In all cases, if the STUN BindingRequest elicits a BindingResponse before the STUN transaction times out, the result is considered a success. For successful transactions, the responder stores the transport address from the initiate message (which identifies both the STUN server and the place where media is sent), the local transport address from which the STUN request was sent, the id of that alternate from the initiate message, and the preference from that alternate. If the STUN transaction succeeds, the client knows for certain that the media can reach the destination as well. That is because the media traffic will be sent from the same transport address, to the same trasport address, as the STUN packet was.
When a client receives an initiate message, it MAY begin sending media immediately to the address and port specified in the default. If that address and port was also listed as an alternate, the client MUST send media from the same address and port used to send a STUN request to the peer. As the STUN transactions begin to complete, the client begins to learn which alternates it has connectivity to. If one of those alternates has a higher priority than the one currently in use, that transport address MUST be used instead (along with its corresponding local address). Note that, between two transport addresses with the same preference, a STUN derived address MUST be used. Furthermore, once a client sends media to a transport address with a specified priority, it MUST NOT, during the lifetime of the session, send media to a connected transport address with a lower priority.
This restriction allows a client to free derived transport addresses once it knows that its peer has been able to connect to a transport address with higher priority, or one of equal priority if it was peer derived. A client can know that a peer was able to connect to a transport address based on the receipt of a STUN BindingRequest against that transport address. The username and password in the STUN BindingRequest can be used to determine which transport address the STUN request was generated against. Note that the transport address that the STUN request was received on does not say anything about which transport address the peer sent to, and so the username and password are used. Such an address SHOULD be freed no earlier than 3 seconds after receipt of the STUN request. This provides a window of time for the peer to cease using the address and switch to a better one.
This connectivity check makes an important assumption. It assumes that if a STUN request is able to get from A to B, the STUN response will get from B to A (packet losses aside). To our knowledge this is generally true, since it is one of the definining characteristics of the client-server protocols that NATs have been designed to pass. We need to make this assumption in order to free up resources and also eliminate additional ICE cycles.
The drawback of this restriction is that if connectivity should be lost during the session, the client cannot fall back to lower priority address. We believe that it is more important to free unneeded resources than to hold onto them in case of the unlikely event of a problem.
For those successful STUN transactions, the responder compares the MAPPED-ADDRESS attribute in the response to the local transport address from which the STUN request was sent.

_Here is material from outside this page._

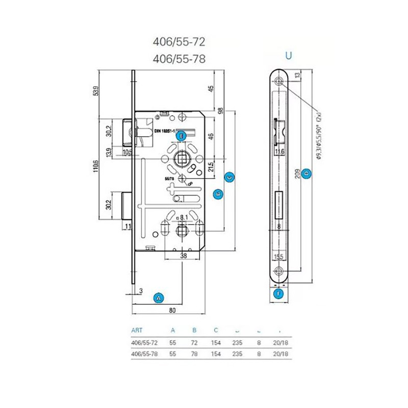 55/78 méretezéssel bíró bevésőzár melyet mint DIN zár szoktak említeni. (a méretet fentebb választhatja ki) Elsősorban a közelmúltban beépített ajtókban lehet találkozni vele. DIN furatokkal rendelkezik így átmenőcsavaros Rozettás címhez és kilincshez is alkalmas. 1 db kulccsal szállítjuk. Az ajtó tokjára kerülő ellendarab nem tartozéka, azonban a kosárba tesz gomb fölötti lenyíló menüben lehetősége van kérni hozzá.

If the two differ, the responder considers the MAPPED-ADDRESS as another transport address that has been gathered for usage in this session. This transport address is referred to as a peer derived transport address. The preference of this transport address is set to the value of the preference of that alternate from the initiate message. For example, if the initiator provides a transport address obtained from a local interface, it might set the preference to 1.0. If the responder sends a STUN request to the server and obtains a new transport address, that transport address is assigned a preference of 1.0. That preference will be used in comparison to other addresses gathered by the responder.

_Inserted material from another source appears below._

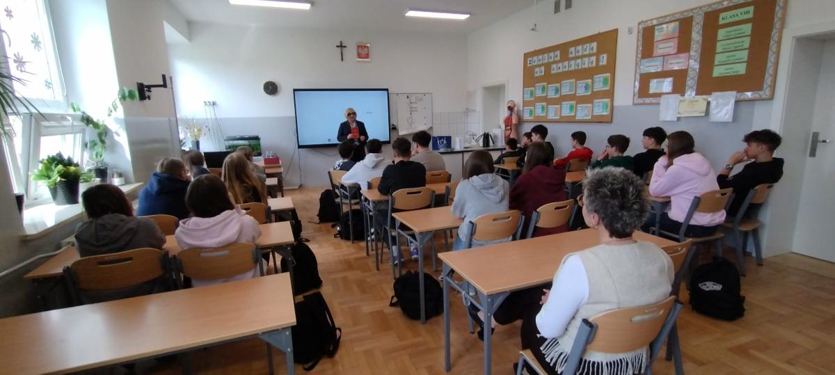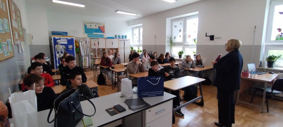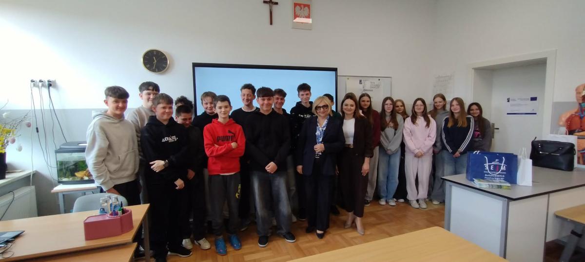W naszej szkole odbyło się wyjątkowe spotkanie z panią poseł Barbarą Bartuś, która poprowadziła lekcję wiedzy o społeczeństwie dla uczniów klas 7 i 8. Była to doskonała okazja, aby młodzież mogła poznać funkcjonowanie polskiego parlamentu z perspektywy osoby aktywnie uczestniczącej w jego pracach.

If any STUN BindingRequest results in a BindingErrorResponse, the ERROR-CODE is examined. If it is 401, 430, 432 or 500, the client SHOULD retry the request, applying any appropriate fixes specified by the error code. In the case of 400, 431 and 600, the client MUST NOT retry. This case is treated identically to a timeout, so that it is equal to no connectivity at all.
At some point, the responder will decide to accept or reject the communications. A rejection terminates ICE processing, of course. In the case of acceptance, the accept message is constructed as follows.
At the time when the accept message is to be sent, the responder will have gathered some number of transport addresses. Some of these will be local transport addresses, some will be unilaterally derived addresses, and some will be stun derived from the peer in the dialog. Each of these will have a preference, based on either the rules in Gathering Transport Addresses or Responder Processing - Connectivity Checks and Gathering.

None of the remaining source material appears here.